Venezuela e nenhuma regra. Dinheiro e fracasso.
Tanto o Reino Unido como a França estão tão exaustos economicamente que se ofereceram como voluntários ao FMI. O tom geral da nação é o de um grupo que perdeu o ímpeto para a revitalização. A militarização da Alemanha é semelhante à do Japão. Num estado de colapso económico, a guerra é um recurso comum.
Suponhamos, por enquanto, que a Venezuela ainda está no sistema antigo. Mesmo com a saída de Maduro, os números atuais mostram que mal conseguiram capturar um segundo inimigo, como a Ucrânia. Além disso, o seu objetivo é a colonização económica. O Ocidente sorri secretamente com a exploração total do petróleo, mas não é claro se isso irá realmente acontecer.
Há uma diferença a nível intelectual entre construir e destruir. Até um tolo pode destruir, mas construir exige um sentido de comunidade e a necessidade de manter um nível de vida mínimo.
Os EUA não têm comparação em termos de dinheiro ou perseverança. Até a sua própria indústria está sobrecarregada e afunda-se em dívidas. Em termos keynesianos, "não há necessidade de temer a dívida" é uma tolice, mas este é um conceito válido dentro de um único território, mesmo num cenário de hiperinflação, desde que haja circulação de mercadorias. Mas mesmo isso baseia-se numa comparação com outros países. Isto porque o comércio é uma métrica.
Ninguém compra produtos caros que sejam muito mais caros do que produtos baratos de outros países. Mas se pensarmos apenas dentro de um país, uma barra de chocolate de 100 ienes ou um pacote de pastilhas elásticas de 10 milhões de ienes parecem irrelevantes. Na realidade, isto não se aplica a áreas para além das fronteiras nacionais.
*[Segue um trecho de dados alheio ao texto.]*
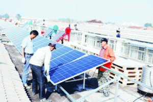 10月8日上午,工人正在宿豫區(qū)關(guān)廟鎮(zhèn)趙莊小區(qū)安裝光伏發(fā)電設(shè)備。關(guān)廟鎮(zhèn)和通威集團合作,在趙莊小區(qū)利用居民房頂免費安裝小型太陽能發(fā)電系統(tǒng)裝置,發(fā)展低碳生態(tài)環(huán)保產(chǎn)業(yè),建設(shè)蘇北首家光伏小區(qū)。
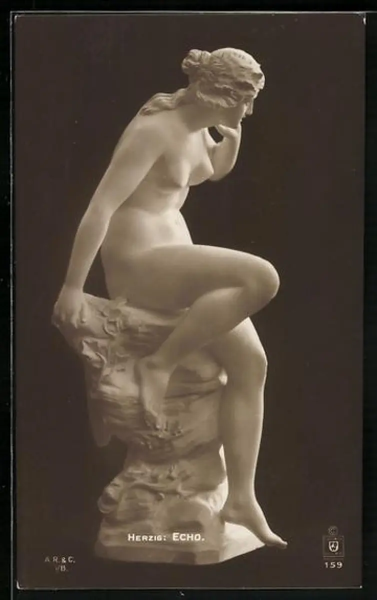 AK Herzig, Echo, sitzende Frau, Plastik
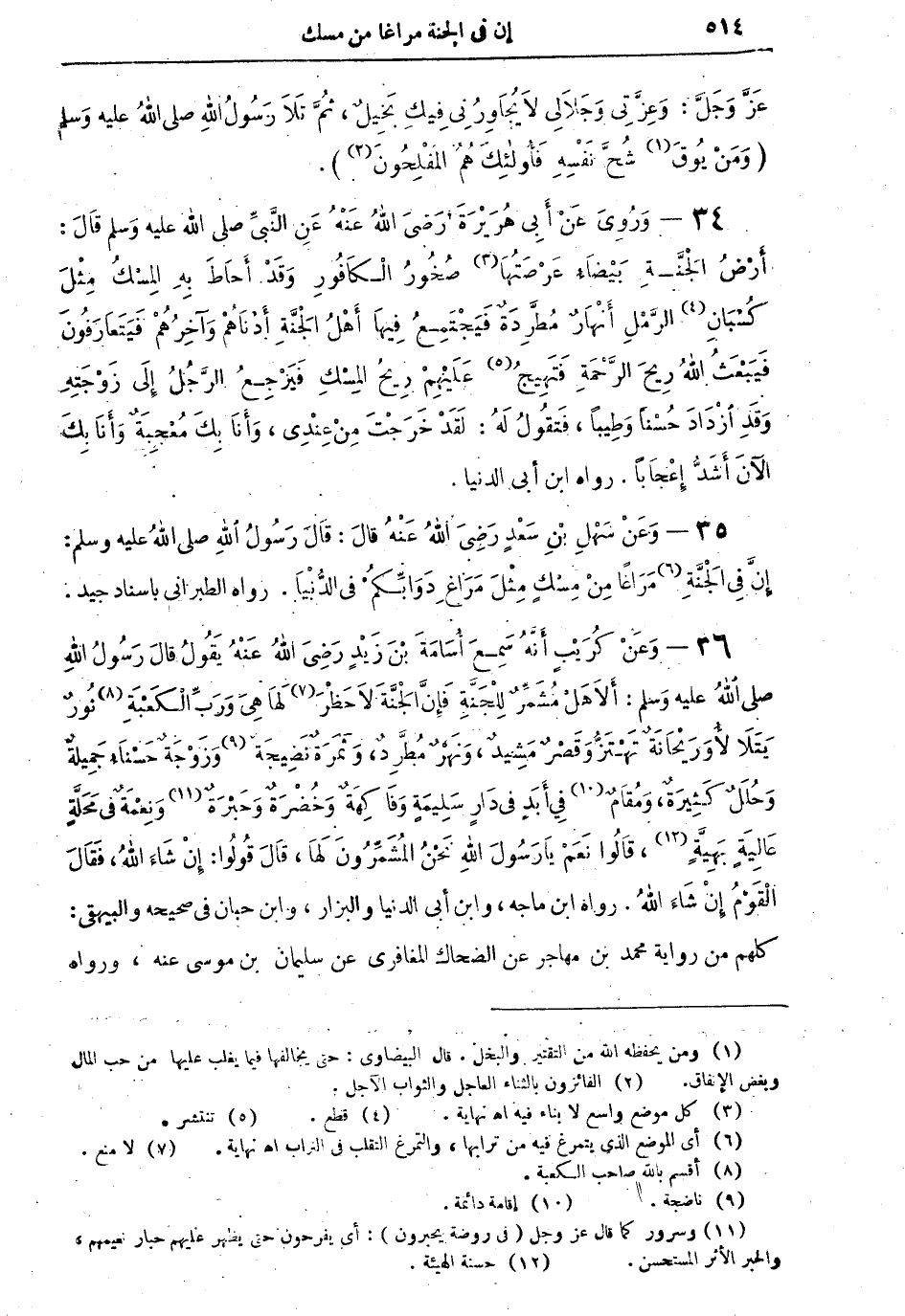 36 - وَعَنْ كُرَيْبٍ أَنَّهُ سَمِعَ أُسَامَةَ بْنَ زَيْدٍ رَضِيَ اللهُ عَنْهُ يَقُولُ قالَ رَسُولُ اللهِ صلى اللهُ عليه وسلم: أَلاَ هَلْ مُشَمِّرٌ لِلْجَنَّةِ فَإِنَّ الْجَنَّةَ لاَ حَظْرَ (¬7) لَهَا هِيَ وَرَبِّ الْكَعْبَةِ (¬8) نُورٌ يَتَلأْلأُ وَرَيْحَانَةٌ تَهْتَزُّ وَقَصْرٌ مَشِيدٌ، وَنَهْرٌ مُطَّرِدٌ، وَثَمَرَةٌ نَضِيجَةٌ (¬9) وَزَوْجَةٌ حَسْنَاءُ جَمِيلَةٌ وَحُلَلٌ كَثِيرَةٌ، وَمُقَامٌ (¬10) فِي أَبَدٍ فِي دَارٍ سَلِيمَةٍ وَفَاكِهَةٌ وَخُضْرَةٌ وَحَبْرَةٌ (¬11) وَنِعْمَةٌ فِي مَحَلَّةٍ عَالِيَةٍ بَهِيَّةٍ (¬12)، قالُوا نَعَمْ يَا رَسُولَ اللهِ نَحْنُ الْمُشَمِّرُونَ لَهَا، قالَ قُولُوا إِنْ شاءَ اللهُ، فَقَالَ الْقَوْمُ إِنْ شَاءَ اللهُ رواه ابن ماجة، وابن أبي الدنيا والبزار، وابن حبان في صحيحه والبيهقي: كلهم من رواية محمد بن مهاجر عن الضحاك المغافري عن سليمان بن موسى عنه، ورواه
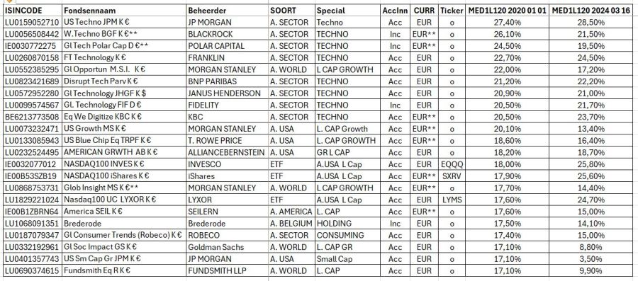 draait het eens om, neem als basis 2024 en vergelijk met 2020. In 2020 was Fundsmith slechts enkele maanden op de Belgische markt. En is het lijstje nog hetzelfde? Ik denk het niet, en wat is dan de conclusie?
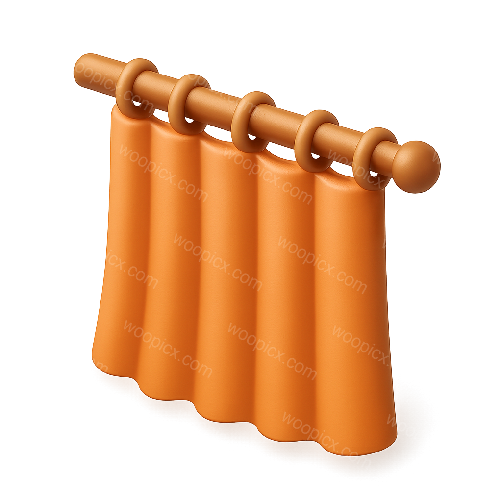 /Premium/Collection: /by davooda/Type: PNG/A stylized 3D curtain icon displayed in an isometric view, featuring smooth, rounded edges and an orange color scheme. The curtain hangs from a rod with circular rings, set against a soft gradient background.

Não é essa a lacuna na economia americana? É um ciclo perpétuo de "está tudo bem substituir as regras estrangeiras por regras apropriadas internamente" e depois pensar: "está tudo bem como está".
Isto é como um formato de prova de história, em que escreve as suas próprias folhas de respostas e são corrigidas no seu próprio país. A própria ideia é destrutivamente fragmentada. Em vez de dizerem que há algo de errado com isto, parece que estão a usar equações não científicas que perderam completamente a sua validade.
A incoerência reside nesta diferença: a própria série não permite provar se converge ou diverge.
Por outras palavras, isto acontece porque a equação está a ser implementada sem provar o domínio indicado pela taxa de variação menos a derivada.
E a eficiência na operação corrente é a taxa de expansão do grupo de coeficientes que deveria existir antes disso — esta é a parte que é utilizada principalmente como resultado das estruturas de poder, mas isto acontece sempre antes de a série convergir ou expandir, e só então a parte dos coeficientes se torna consistente.
Se me é permitido dizer, legitimidade = possuir propriedades de série, e só depois de cumprido este pré-requisito é que se demonstra uma certa consistência quando uma formação baseada nela é posta em funcionamento.
Por outras palavras, certas regras multilaterais de consistência aproximam-se da definição de convergência, que é o reconhecimento de conceitos básicos que perpetuam a convergência = comunalidade.
As nações em declínio encontram-se numa situação em que essa classificação já não é possível. Embora todos conheçam as mudanças nestas coisas necessárias, historicamente, sabe-se que faltam palavras ou provas para as apontar de imediato. Numa perspetiva matemática, isto é misterioso, como se a imagem dos objetos matemáticos ainda não se tivesse enraizado na mente das pessoas.
Na minha experiência pessoal, isto parece representar a derivação de aproximações usando séries e a aproximação, ou inclusão, da integração parcial. O famoso triângulo de Pascal é uma notação semelhante, mas representa um mundo em que a certeza no conceito humano de objetos reais é uma consistência dentro dos humanos, e a compatibilidade só pode ser hipoteticamente ligada através da aproximação entre objetos. Isto é comprovado pelo facto de que não estão disponíveis equipamentos precisos a menos que se avance com Einstein e a física quântica. Os saltos quânticos foram utilizados para criar luz e em sistemas especiais como as barras.
É também claro que os que estão no poder são um grupo de cidadãos comuns, tal como eram há 1.000 ou 2.000 anos.